Is that the Chicken spider your holding?


----------



## tarcan

nice pictures, thank you for sharing, makes us dream... cannot wait for my next trip!

Martin


----------



## pato_chacoana

Thank's guys. Yes the ''chicken spider'', or could it be just P. antinous? Don't know, but she was living with a juvenile and her burrow was flooded, as the rainy season will flood pretty much all that area.  I wasn't expecting to find her because of this, but I was sooo happy I did!  Also the adult female was carrying several fly eggs and worms that were parasiting her. This spider is being sold dead in cases all over Iquitos. I've seen some the were over 22cm in legspan. Their distribution has to be wide, since they can be found in north through south peruvian amazon.

Pato-


----------



## pato_chacoana




----------



## pato_chacoana

Anyone knows what Cyriocosumus sp. might that be?


























































































jaguar track (much visible in person...)



















Pato-


----------



## Koh_

great pics. really really thanks for sharing ..
someday i wanna be there.


----------



## pato_chacoana

Thank you sir! You should do it, it's great!  

pato-


----------



## tarcan

Pato,

It does not look Cyriocosmus sp., I would be surprised... but who knows...

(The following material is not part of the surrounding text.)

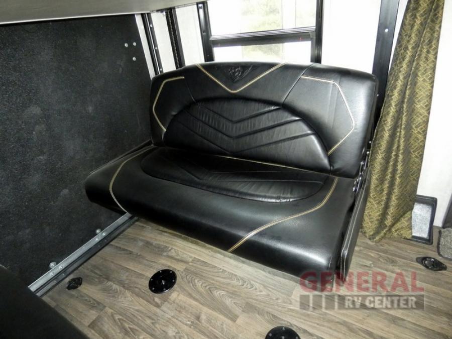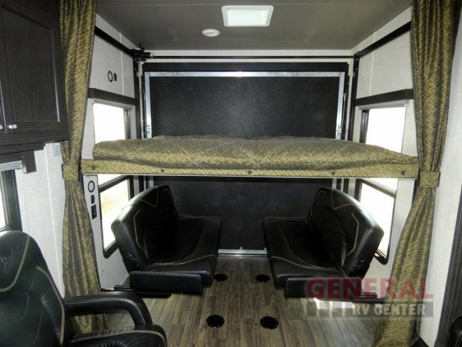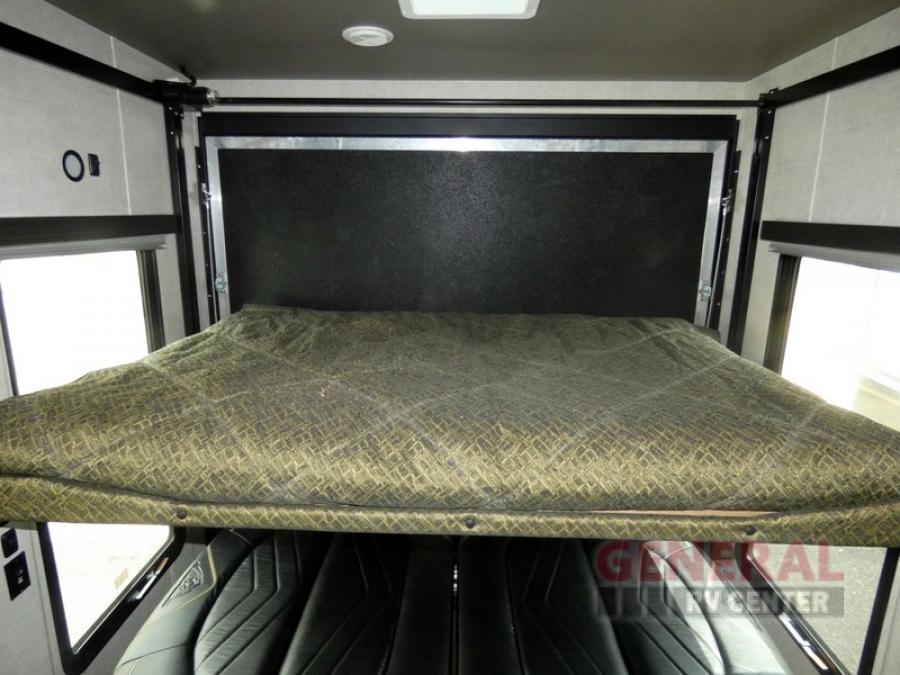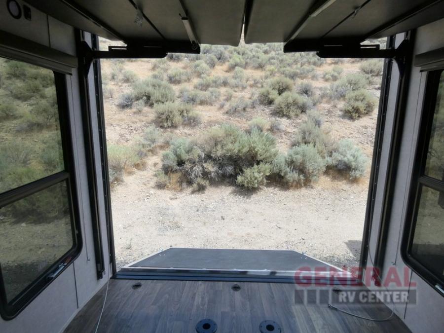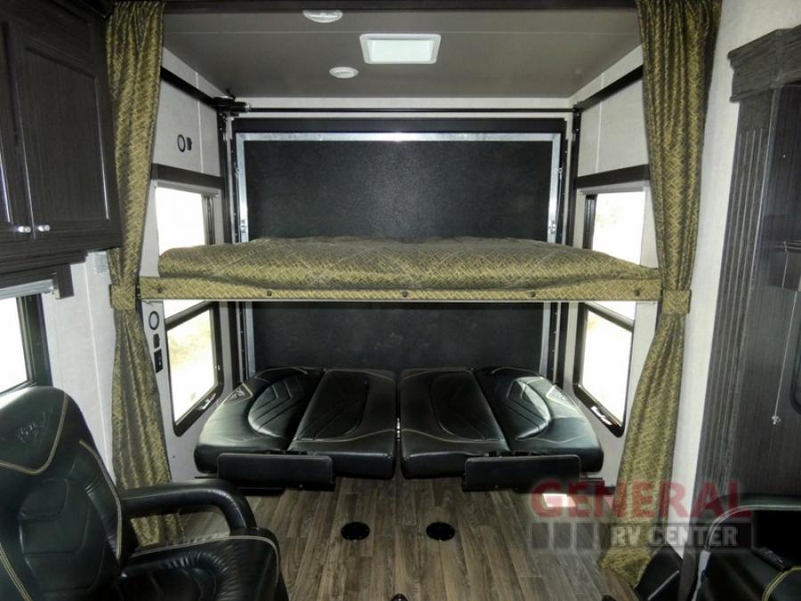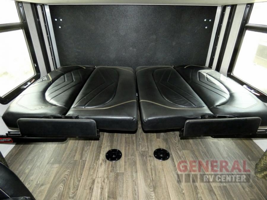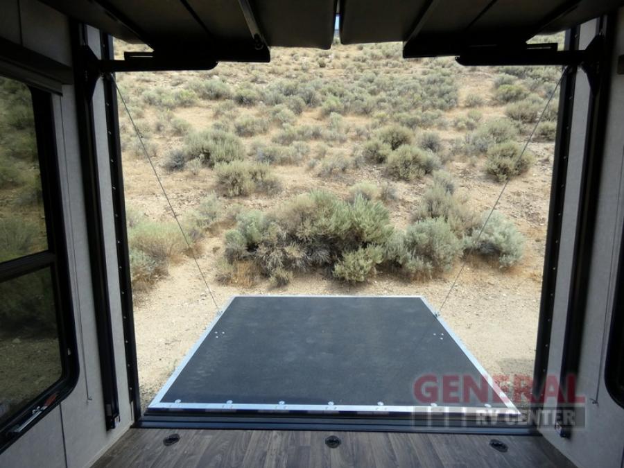 Easily find comfort and lots of legroom in this fifth wheel with a large slide out in the main living and kitchen area that is created after unloading from the cargo area. You can sleep family members between the queen bed in the front private bedroom with lots of storage for clothes and such, plus the electric bed and dinette seats in the cargo area, and the sofa next to the refrigerator. Make warm meals using the kitchen amenities, and the peninsula counter offers more space to serve food and wash the dishes. You will find storage throughout in overhead cabinets. And don't forget about the 14' to 17'7" of cargo space for your toys!

Hard to tell what it could be, my first gut feeling (which means jack by the way) goes for a juvenile of a Thrixopelma sp.

Thanks again for the pictures

Martin


----------



## pato_chacoana

Martin thank you for your reply. Yes it's weird, at first I thought it was Cyriocosmus, but I'm not sure about that now that you mention Thrixopelma...well I just don't know! Here's  another pic.







Pato-


----------



## pato_chacoana

More pics:

























































































































Pato-


----------



## Rick McJimsey

Where are the photos of the Tapinauchenius?!


----------



## pato_chacoana

Hehe...be patient!!!


----------



## ftorres

Hello PAto,
Hey who is the guy looking at you on top of the glass door while you were resting on the hammock??????

saludos.


----------



## fartkowski

ftorres said:


> Hello PAto,
> Hey who is the guy looking at you on top of the glass door while you were resting on the hammock??????
> 
> saludos.


I didn't notice that before.
Hahahaha 
He looks spooky.


----------



## pato_chacoana

Hahaha, there were several spooky masks watching me


----------



## pato_chacoana

ok. more picss



























































































































































































Pato-


----------



## syndicate

Wow!Fantastic photos Pato!Looks like your trip was a great sucess :]
any idea what this is D:





Also are those taps living in the side of that wall?That is really interesting to see!Its amazing how they've adapted to live on man made structures.
The photos of all the garbage in the river and signs of deforestation are quite sad tho.Harsh reality that a lot of those beautiful places could be gone one day!
Thanks for sharing Pato
-Chris


----------



## pato_chacoana

Hi Chris,

It's some other kind of cool Mygalomorphae that I haven't seen before. I've found them living in the same palm trees as the Avics. Sometimes in the same palm you could see more than one Avic and this other Mygalomorphae living close to each other.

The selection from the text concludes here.